These 2 lines tell us a lot, unfortunately what it tells us doesn’t make a lot of sense right now, but it explains why the packets are failing to make it all the way to emonhub so that we can at least see them to debug. All those zero’s will be causing “bit-slip” and the packet can be mis-read and assumed corrupt, at which time it is discarded by the emonPi.

This isn’t going to be easy to debug as the emonPi will not run in non-quiet mode so those discarded packets can be seen, so hopefully the problem will get resolved in one hit and not need much debugging.

So the root cause will be the cause of all the zeros, that is the strange part, the first 4 values are Power values and are not usually enough zeros to trigger the issue alone, the next value should be the ac voltage, why that is missing I have no idea since it is both recognized and reported as ~246v in the serial prints, as for the next 6 values after that should all be 300 if the serial print is to believed and you have no temp sensors attached to the emonTx (300 = absent temp sensor).

So that line should have been something like
2016-05-06 20:28:24,593 DEBUG RFM2Pi 421 Values : [10, 0, 0, 0, 246, 300, 300, 300, 300, 300, 300, 0]
This clearly points at an issue within the emonTx. Have you made any changes to the emonTx sketch?

“Bit slippage” sounds nasty!

I have made no changes to any sketch. Over my pay grade. The problem occurred suddenly. As far as I know never reverted.

Should I try to reload the sketch? Presumably this is a standard one I can get form GitHub?

By the way I have parallel problem that the emonPi will not run a firmware update because the file system is read only. Glyn was attending to this but we don’t seem to have reached a conclusion. I am reluctant to reset to rw in part because is not clear to which folder(s) to apply rw.

At this point it may be better to focus on just the temp sensor zero’s rather than the VAC, the fact the VAC was zero on one packet only is not conclusive, the VAC is measured and updated during every interval so even if there was a “glitch” it should be overwritten with the next reading, it reports 0 rather than “230” so it could be that at that particular point in time the AC wasn’t connected as the programmer was connected or something.
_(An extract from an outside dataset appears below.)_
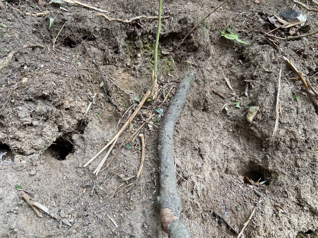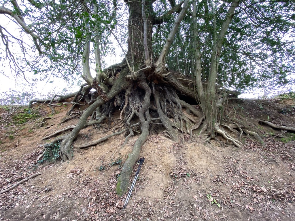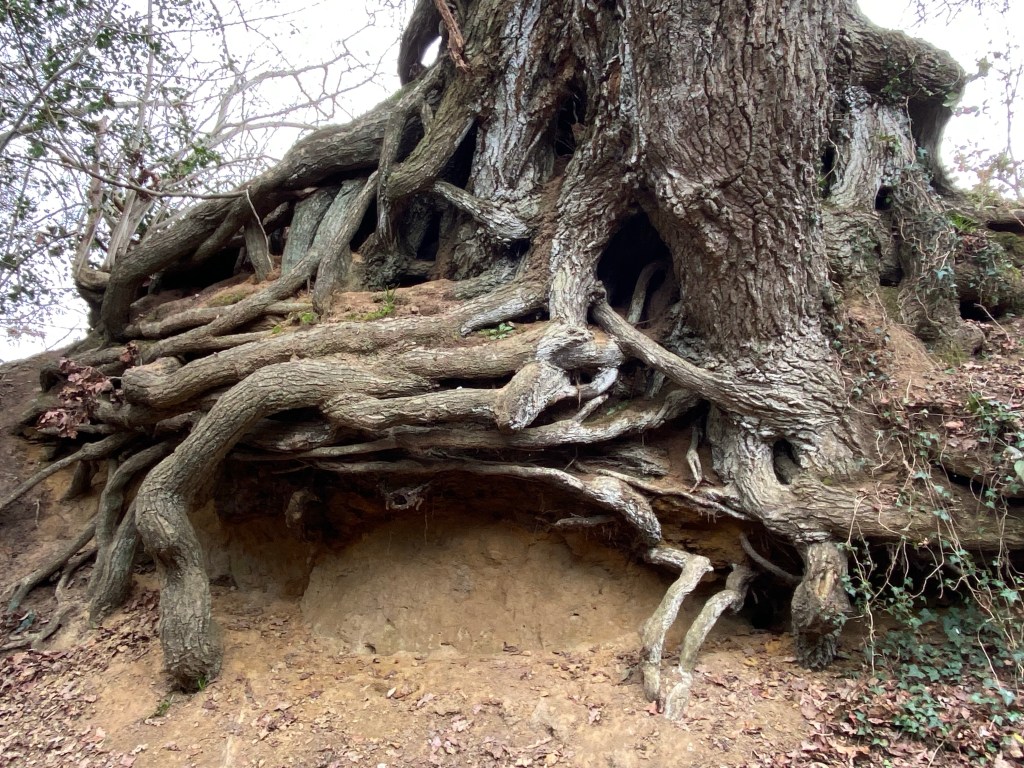 More erosion of the sandy banks over decades had exposed the roots of a row of huge oaks and turned the root systems into a lattice of treetrunks.

I assume the TX is normally AC powered and there is no batteries or 5vdc mini usb or programmer attached?

With regard to the temp sensors the value of 300 is set at start up for each of the 6 variables and then the sketch goes on it’s merry way, if anything occurs to any of those variables they will never return to 300 unles the emonTx is restarted so I guess it could be a possible memory overflow or a glitch in the 1-wire library or implementation.
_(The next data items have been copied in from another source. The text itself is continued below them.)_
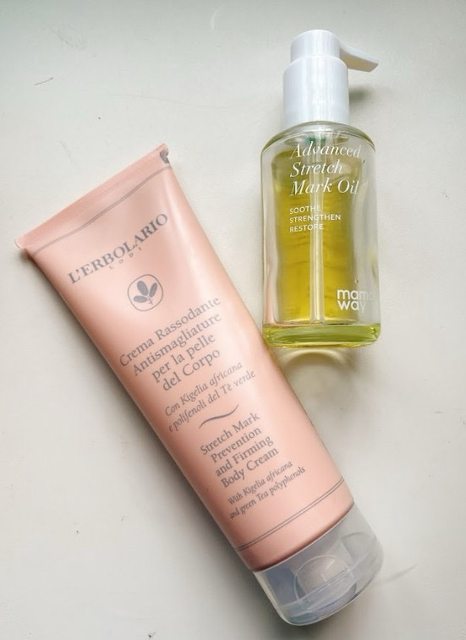 我的保養順序主要是: 先擦媽媽餵的妊娠油,接著再擦L’erbolario 蕾莉歐的妊娠霜
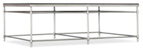 Light and airy and modern and minimalistic, the St. Armand Rectangular Cocktail Table features a top crafted of Acacia Solid Wood in a distressed black finish with a lightly-scaled metal base and legs in a brushed pewter finish. Rectangle shape
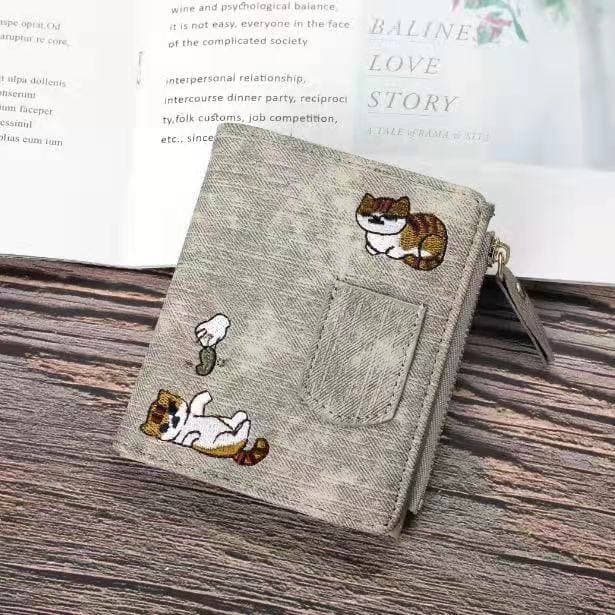 Detail DOMPET WANITA LIPAT KULIT KUCING FELICIA IMPORT MURAH MOTIF WA033B2 DENIM ORI C18219 KOREA

My original request to add the 300 fault condition was not to just add it at setup() but to change the way the value is returned, so rather than

for(byte j=0;j<MaxOnewire;j++) 
      emontx.temp[j] = 3000;                             // If no temp sensors connected default to status code 3000 
                                                         // will appear as 300 once multipled by 0.1 in emonhub

in the setup() setting the values to “300” once only, the “300” should be added by the get_temperature() function so that it applies to every read of the temp sensors

int get_temperature(byte sensor)                
{
  float temp=(sensors.getTempC(allAddress[sensor]));
  if ((temp<125.0) && (temp>-55.0)) return(temp*10); else return 3000;            //if reading is within range for the sensor convert float to int ready to send via RF or value = 300 if not
}

in fact, I recommended the additional use of

for(byte i=0;i<MaxOnewire;i++) emontx.temp[i]=3010; // set all temp values to 301°c (301= never found & 300 = lost or out of scope)

in setup(), So that we could distinguish between “never seen”(301) and “gone faulty”(300) sensors. but the main “fix” was the modified function.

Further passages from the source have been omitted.